Tips for minimalism in packing
There are many reasons why people would want to spend as less time and energy as they can on packing, and we’re not here to judge. Packing the barest minimum is something that surprisingly many people want to do, and actually do, for reasons that wildly vary. And learning as much as can about packing will help you achieve the greatest amount of minimalism in packing, with special emphasis on making your move all that much easier.
But first, what does minimal packing refer to?
Minimalism in packing and moving is, in essence, packing only the smallest amount of supplies possible to achieve the desired goal. For example, if you want to start your life anew, far away from your original location, this type of packing means that you will carry only the most essential stuff for you, such as:
- Personal hygiene products;
- Phone and PC – unfortunately, humans cannot be effective without those, unless you enter full survival mode, which is not recommended.
If you just want your new house to be ordered, minimalism in packing means that you will carry your household items with you. You see, it largely depends on what “minimal” means for you. We all have different criteria. For a survivalist, minimalism means a backpack with a kit to start a fire, a medical kit, and a blanket. For a programmer, packing only the essentials also likely involves a computer and perhaps some additional assets.
Packing the bare minimum is actually largely subjective
This is what we explained in the previous paragraph. However, we need to point out that you will need a method to determine what minimalism means to you. It largely depends on who you are and what do you want from your new life. In other words, minimalism in packing is here to equip you with only the most necessary tools to make your life better – in essence, it’s a “do more with less” philosophy.
Do a DIY move for maximum minimalism in packing
It might seem counterintuitive, but if you want to be self-reliant, you might as well go all the way through. For this reason, you won’t have to call your cross country moving professionals (though that’s still advisable). DIY move has to be carefully planned, even months in advance. So, let’s say want to haul your stuff into a car and move to your desired location. Here’s what you have to do:
Declutter your house
This one is, frankly, a no-brainer. How can one achieve minimalism in packing if he/she has useless stuff lying around the house? That is why it is imperative to get rid of the old stuff first. Not only will that help you achieve minimalism, but you will also have a much easier time when you start packing the belongings that you actually need.

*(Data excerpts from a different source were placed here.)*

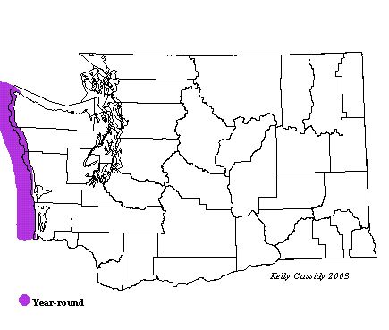 Cassin's Auklets can be found from Alaska to Mexico. They are abundant in many parts of their range, but in others they have experienced significant declines. With an estimated total of over 88,000 birds, the Cassin's Auklet is the most numerous breeding seabird (aside from the gulls) in Washington. They make up 34% of all breeding seabirds in the state, yet they breed on only six islands. Numbers fluctuate considerably from year to year, in response to changes in food supply and to climatic events such as El Niņo. Although they are abundant, on their nesting colonies Cassin's Auklets are vulnerable to disturbance from humans and introduced predators. Oil contamination is another potential threat on the breeding colonies and on feeding grounds at sea. Since nesting colonies in Washington are protected as wildlife refuges, human disturbance is minimized. However with colonies concentrated on a small number of islands, habitat destruction or degradation on even one of those islands could significantly affect the population in Washington.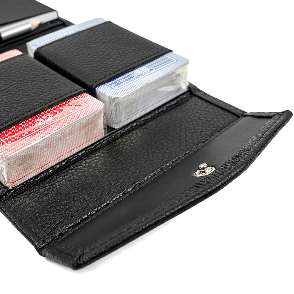Handmade in Europe using genuine Italian leather, this double playing card case with notepad for score keeping is the perfect gift for the ultimate games player.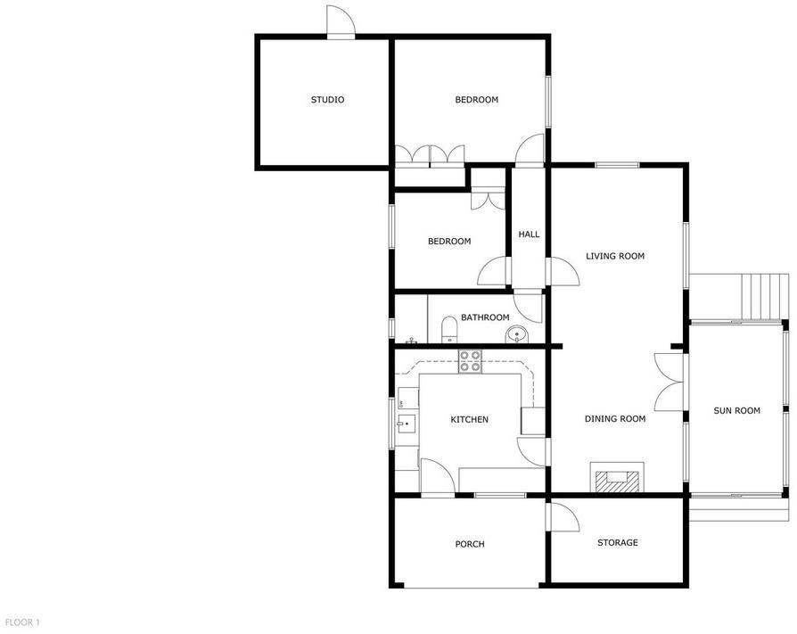 Cette maison familiale de plain-pied, construite par ses propriétaires, comprend un porche couvert, deux chambres, une salle de bains, un salon-salle à manger, une cuisine, un débarras et un porche supplémentaire.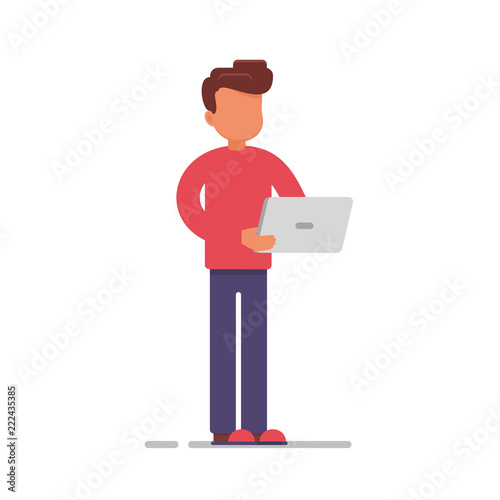 © Mary Long, Obraz premium anonymous employee with laptop computer sending email or working online. vector illustration isolated on white background.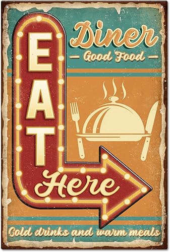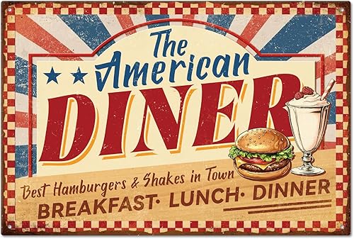 GLOBLELAND Plaque en Métal Style Diner Américain de 8x12 pouce Vintage Hamburgers et Milkshakes Plaque D'Art Décorative pour Mur de Maison Cuisine Salon Chambre Café Bar.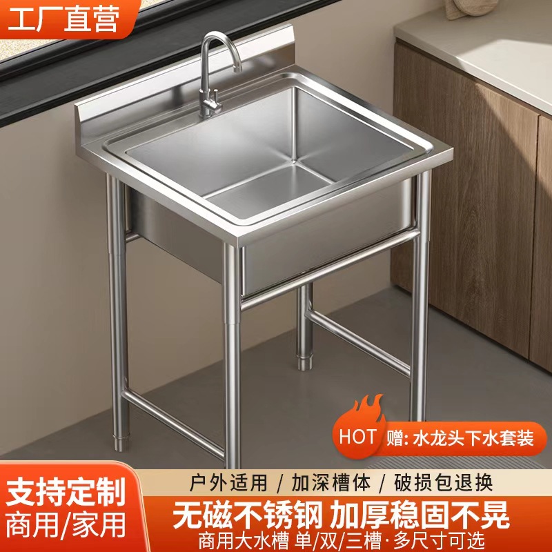 商用不锈钢水槽单双三槽带支架厨房洗菜盆洗手盆洗碗池水池家用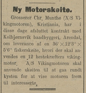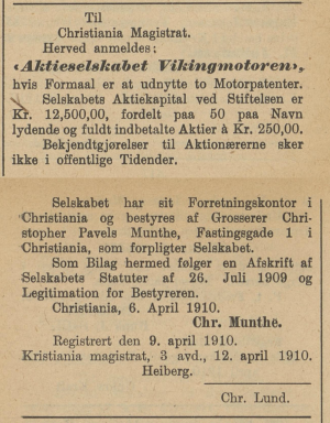 Vikingmotoren A/S finnes oppført i noen adressebøker og registre, som produsent av motoren Viking. De er oppført med adresse i Kirkegata 9. Der lå også endel bilvirksomhet på begynnelsen av 1900-tallet, blandt annet Norges første bilimportør, Bertel O. Steen.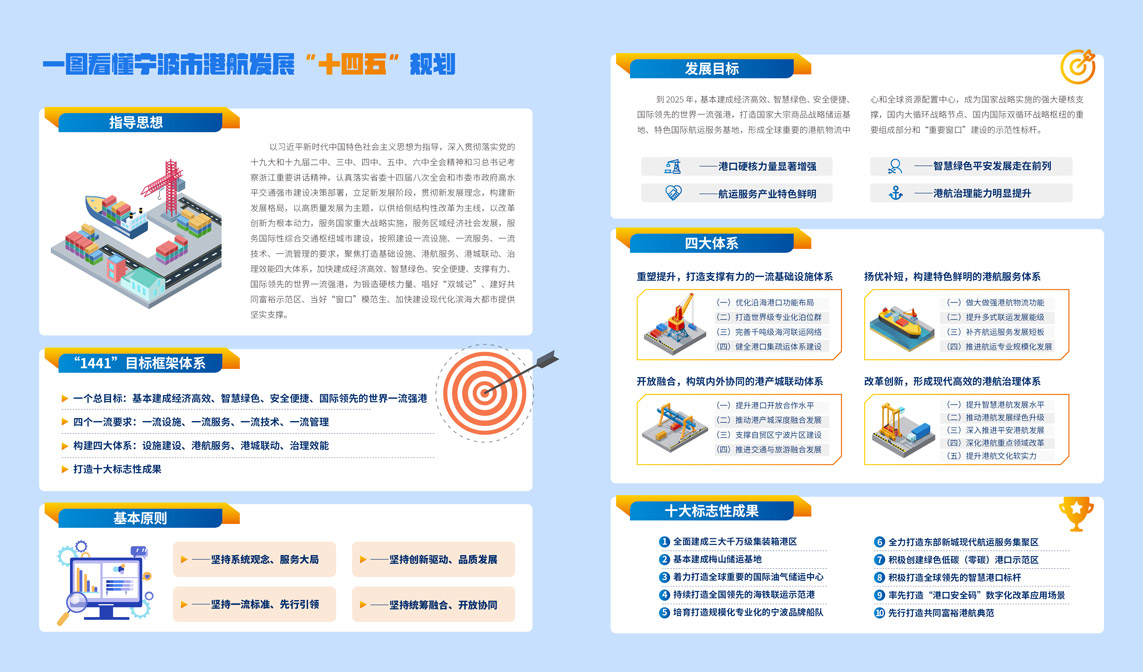12月26日,宁波市交通运输局审议通过《宁波市港航发展“十四五”规划》,确立了以基本建成经济高效、智慧绿色、安全便捷、国际领先的世界一流强港为总目标,按照建设一流设施、一流服务、一流技术、一流管理的四个一流要求,构建设施建设、港航服务、港城联动、治理效能四大体系,重点打造十大标志性成果的“1441”总体框架。

Take the boxes from your local supermarket
Supermarket employees generally throw away the boxes that they do not need when they’re done unpacking the items and putting them in the inventory. You should simply enter during the working hours of the supermarket and kindly ask the supervisor to spare a few boxes for you. A few kind words will help you go a long way here. Boxes are extremely useful because they come in different sizes (which will allow you to, in turn, pack things of different sizes).
Make a garage sale
This is the part where you get rid of all the other stuff. It’s also a way to make a quick buck. Let’s assume you have a house full of items that you don’t really need, but it’s kinda wasteful to throw them away. The solution, which contributes to minimalism in packing, is to make a garage sale of those items. Simply speaking, selling them at discount prices is a win-win situation. You will get some money where you otherwise would have none. Plus, you get rid of the stuff that you do not need. You won’t have to move difficult stuff, such as musical instruments.
Consider a donation
Let’s assume you didn’t manage to sell everything off at the auction. This could be for various reasons, but what can you do with the remaining stuff that you don’t need or want? Well, minimalistic packing mandates that you get rid of it somehow, and the first thing that comes to mind is to simply chuck it away. We have two better solutions for you. The first is a donation to the local homeless shelter, for instance. The other is, of course, to recycle it, if possible. Either way, you’re contributing somehow, while achieving the desired levels of minimalism in packing. Again, a win-win situation.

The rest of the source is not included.